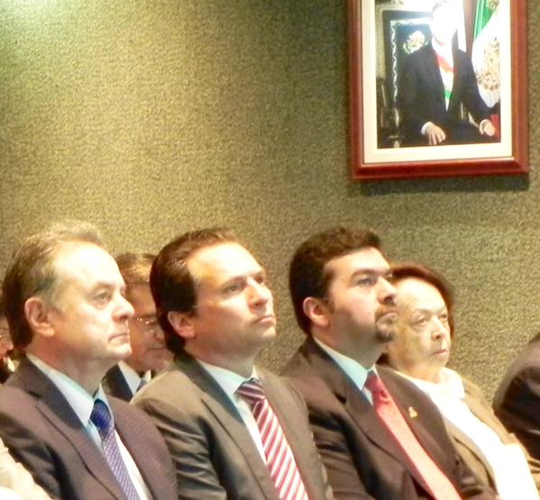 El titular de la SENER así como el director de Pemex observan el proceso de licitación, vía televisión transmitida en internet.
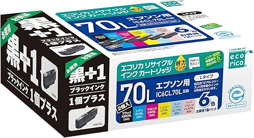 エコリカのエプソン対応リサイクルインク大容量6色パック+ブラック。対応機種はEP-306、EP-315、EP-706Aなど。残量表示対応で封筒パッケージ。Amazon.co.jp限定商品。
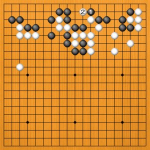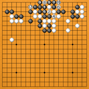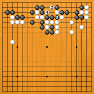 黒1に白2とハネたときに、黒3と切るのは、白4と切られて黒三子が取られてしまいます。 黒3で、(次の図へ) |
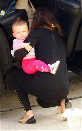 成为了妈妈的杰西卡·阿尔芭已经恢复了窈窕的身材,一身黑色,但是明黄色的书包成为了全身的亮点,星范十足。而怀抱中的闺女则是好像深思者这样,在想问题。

-*-

Without the pictures, transcribe the lines from the one containing "エコリカのエプソン対応リサイ" through the end of the data, exactly and only those.

 エコリカのエプソン対応リサイクルインク大容量6色パック+ブラック。対応機種はEP-306、EP-315、EP-706Aなど。残量表示対応で封筒パッケージ。Amazon.co.jp限定商品。
 黒1に白2とハネたときに、黒3と切るのは、白4と切られて黒三子が取られてしまいます。 黒3で、(次の図へ) |
 成为了妈妈的杰西卡·阿尔芭已经恢复了窈窕的身材,一身黑色,但是明黄色的书包成为了全身的亮点,星范十足。而怀抱中的闺女则是好像深思者这样,在想问题。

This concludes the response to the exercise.